The reporting obligations now require HVDS and AMPs to:
- Inform OFSI, as soon as practicable, if they know or have reasonable cause to suspect that a person is "(i) a designated person or (ii) has committed breaches under the UK regulations".
- The OFSI report must include the relevant information on which the HVD or AMP has based their suspicion, and information that they hold about the person or designated person.
OFSI's Expanded Reach into the Art Market
While art sales globally have declined in recent years with aggregate value in 2024 reaching an estimated $57.5 billion, the 2025 UBS Art Market Report underlines the UK's continued strength as the second largest art market in the world, accounting for 18% of sales (or $10.4 billion). In view of the considerable value realised in the art market, it is not surprising that OFSI has taken a proactive approach by widening the ambit of sanctions reporting to include AMPs.

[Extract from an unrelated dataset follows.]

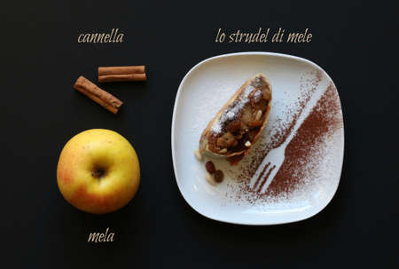 Apple strudel on a dark background, top view. Traditional autumn pastries

Some of the regulatory concerns are well-founded. OFSI's guidance on financial sanctions for High Value Dealers & Art Market Participants as published on 18 March 2025, suggests that the inclusion of AMPs and HVDs within the scope of the sanctions regime and reporting regulations arose due to concerns around underreporting of breaches and low awareness of sanctions obligations. OFSI indicate suspected breach reports within the Art market and High Value sector do not usually originate from HVDs and AMPs themselves, but from those within financial services or legal services (e.g. a banker or lawyer assisting with the sale of an artwork).
As set out in OFSI's guidance, the art market remains a high-risk area for concealment of a source of funds and relationships to a designated person or entity. The high value nature of art works together with the international and opaque nature of the art market renders it susceptible to exploitation by persons wishing to evade and/or circumvent sanctions. Sales are often conducted in a highly confidential manner, in which it is possible for a buyer of an artwork to remain anonymous. Further, the very high values realised in sales and the lack of regulation of the international art market mean that artworks can become vehicles to invest and convert funds from illicit sources, moving them throughout the world and/or into freeports, in a relatively unnoticeable and concealable way.
While AMPs will have experience of complying with their AML obligations, as set out above, reporting in relation to sanctions may carry distinct challenges. For example, where it is easier to recognise and carry out CDD where funds may be laundered from an illicit source, such as drug trafficking, there may be considerable difficulty in complying with sanctions reporting obligations where an AMP or HVD is unable to identify the true UBO, if they are controlled or owned by a designated person through a shell company with a complex structure.
While breach of both the Money Laundering regimes and Sanctions regimes remains a risk for AMPs and HVDs, OFSI recommends implementing effective compliance programmes, including the adoption of mechanisms and controls to mitigate sanctions risks and routine compliance audits by sanctions professionals. In the same way the AMPs and HVDs are expected to conduct CDD at the beginning of a new business relationship in compliance with The Money Laundering Regulations, OFSI also recommends undertaking routine checks of the UK Sanctions Lists and OFSI Consolidated List, in particular to ascertain relevant ownership and control structures.